GNNs Mini Competition: GitHub Social Network Classification

image What if we could predict user characteristics just by looking at how they connect with others?image

Repository Structure

Here is an overview of the repository and its key components:

OctoNode_Cup/
├── .github/
│   └── workflows/
│       ├── publish_leaderboard.yml
│       └── score_submission.yml        
├── competition/
│   ├── config.yaml
│   ├── evaluate.py
│   ├── metrics.py
│   ├── render_leaderboard.py
│   └── validate_submission.py
├── data/
│   ├── adjacency_matrix.npz
│   ├── musae_git_edges.csv
│   ├── musae_git_features.json
│   ├── node_features.npy
│   ├── test_target_without_labels.csv
│   └── train_target.csv
├── docs/
│   ├── leaderboard.css
│   ├── leaderboard.html
│   └── leaderboard.js
├── images/
│   └── graph_visualization.png
├── leaderboard/
│   ├── leaderboard.csv
│   └── leaderboard.md
├── starter_code/
│   └── baseline.py
├── submissions/
│   └── example_submission.csv
├── README.md
└── requirements.txt

💢Problem Description

The goal of this challenge is to perform binary node classification on a real-world GitHub social network graph. In this graph, each node represents a GitHub user, and edges represent social connections between users.

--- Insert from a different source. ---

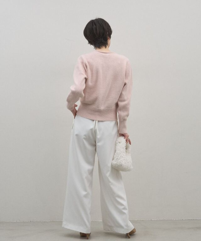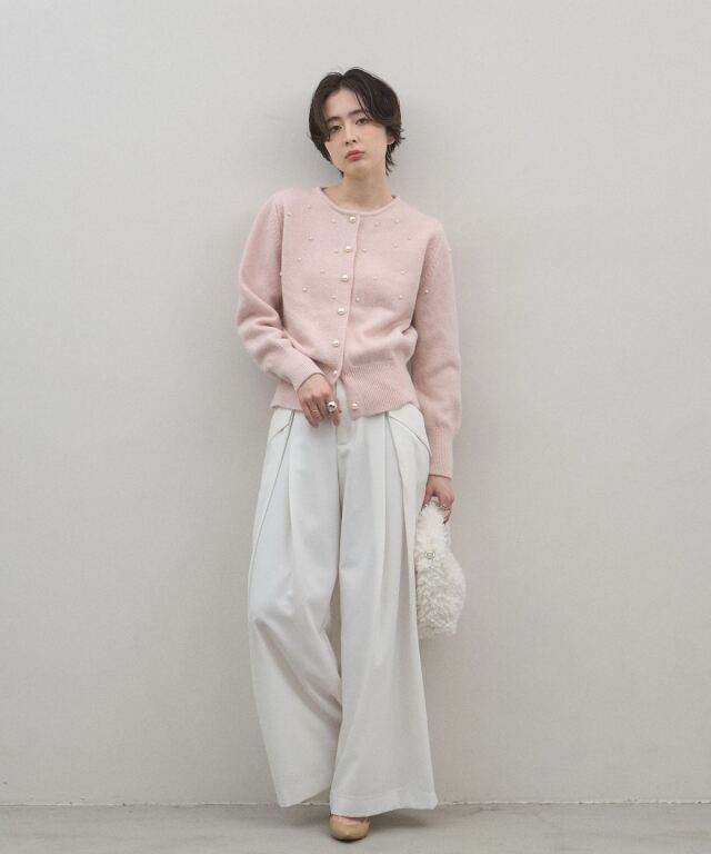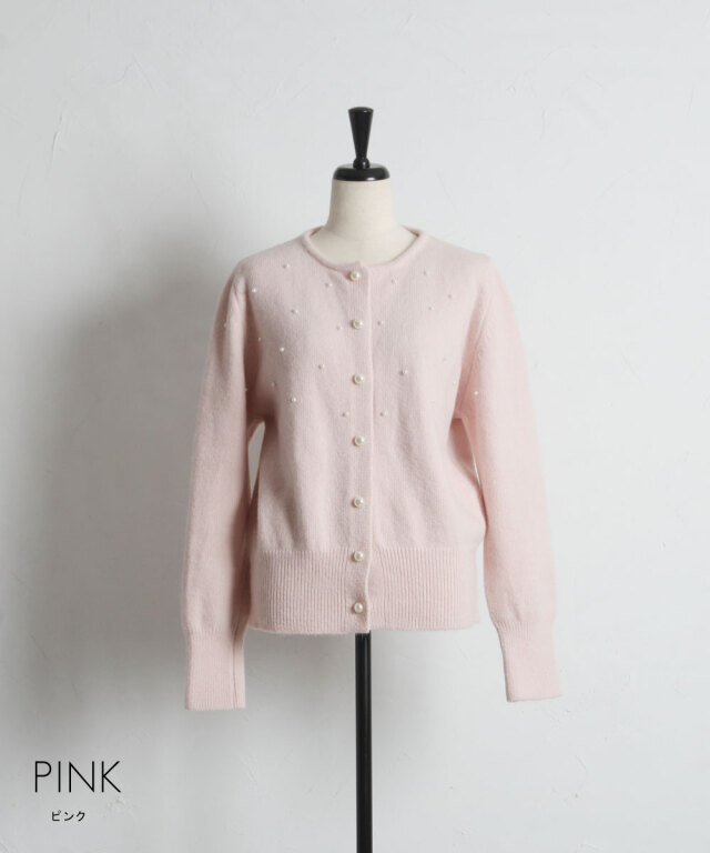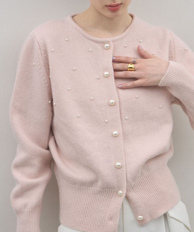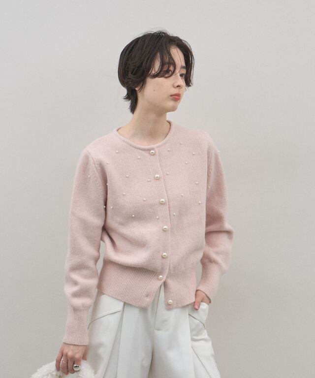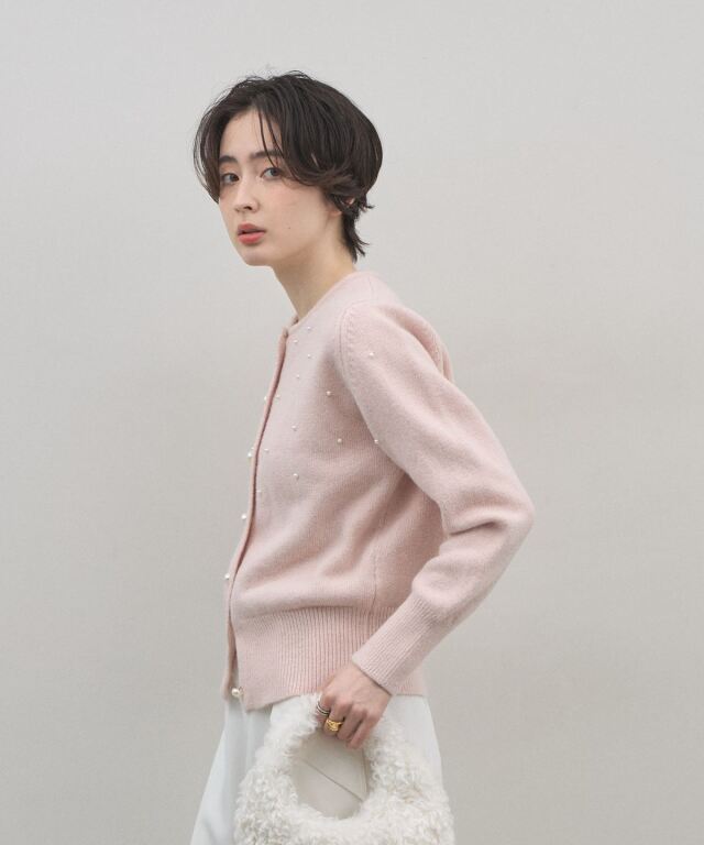 柔らかなベビーピンクの編み地に、大きさの異なるパールを贅沢に散りばめた、レディライクなカーディガン。フロントのパールボタンがアクセントとなり、顔周りをパッと明るく、華やかな印象に仕上げてくれます。
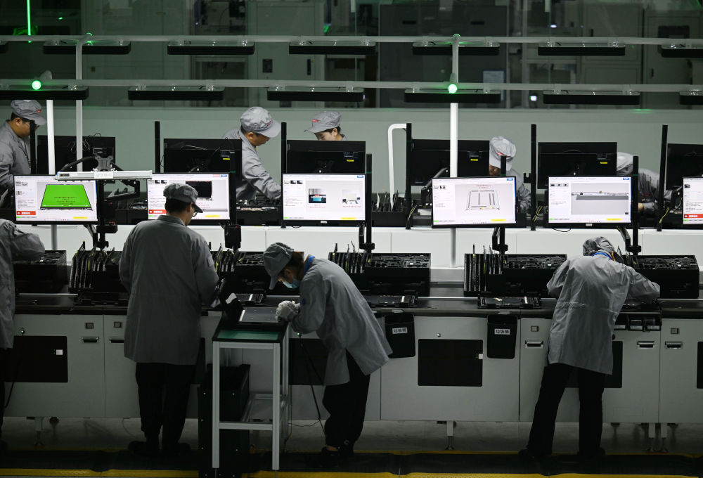 2023年11月6日,工作人员在联想集团创新产业园(天津)笔记本生产线作业。新华社记者 赵子硕 摄

Your task is to build a model that leverages both node features and graph structure to predict whether a given GitHub user is primarily a Web Developer or a Machine Learning Developer.

Task Type:

  • Node Classification
  • Binary Classification
  • Graph-Based Learning with GNNs
  • Each node = one label:
    1 → Web Developer.
    0 → Machine Learning Developer.

🛢️Dataset

The GitHub Social Network dataset represents a real-world developer network where nodes correspond to GitHub users and edges represent social connections between them (such as following relationships). Each user is associated with feature information derived from their public activity, repositories, or profile characteristics.

The dataset contains:

  • musae_git_edges.csv → Graph edges (source, target).

  • musae_git_features.json → Node feature vectors.

  • train_target.csv → Training labels.

  • test_target.csv → Test nodes (labels hidden).

Graph Statistics:

  • Nodes: ~37K.
  • Edges: ~289K.
  • Features: 128-dimensional node features.
  • Task: Binary classification.

The dataset is split as follows:

Split Percentage Description
Training 70% Features + labels
Testing 30% Features only (labels hidden)

The test labels are stored in a private evaluation repository and are not accessible to participants to ensure fair ranking.

The competition dataset represents a graph 𝐺 = (𝑉,𝐸) where: 𝑉 = nodes and 𝐸 = edges.

🧩 Graph Components:

Shape: (N, N)

Type: Sparse matrix

The adjacency matrix 𝐴 represents connections between nodes. If node i is connected to node j, then: 𝐴ᵢⱼ = 1 Otherwise: 𝐴ᵢⱼ = 0

Shape: (N, F)

Each row corresponds to one node. Each column represents a feature.

$X \in \mathbb{R}^{N \times F}$

Where: 𝑁 = number of nodes and 𝐹 = number of features.

The GitHub Social Network dataset used in this challenge is publicly available through the Stanford Network Analysis Project (SNAP).

🔗 Dataset link: Dataset

Graph Visualization (Subgraph)

The figure below shows a subgraph extracted from the original MUSAE GitHub dataset.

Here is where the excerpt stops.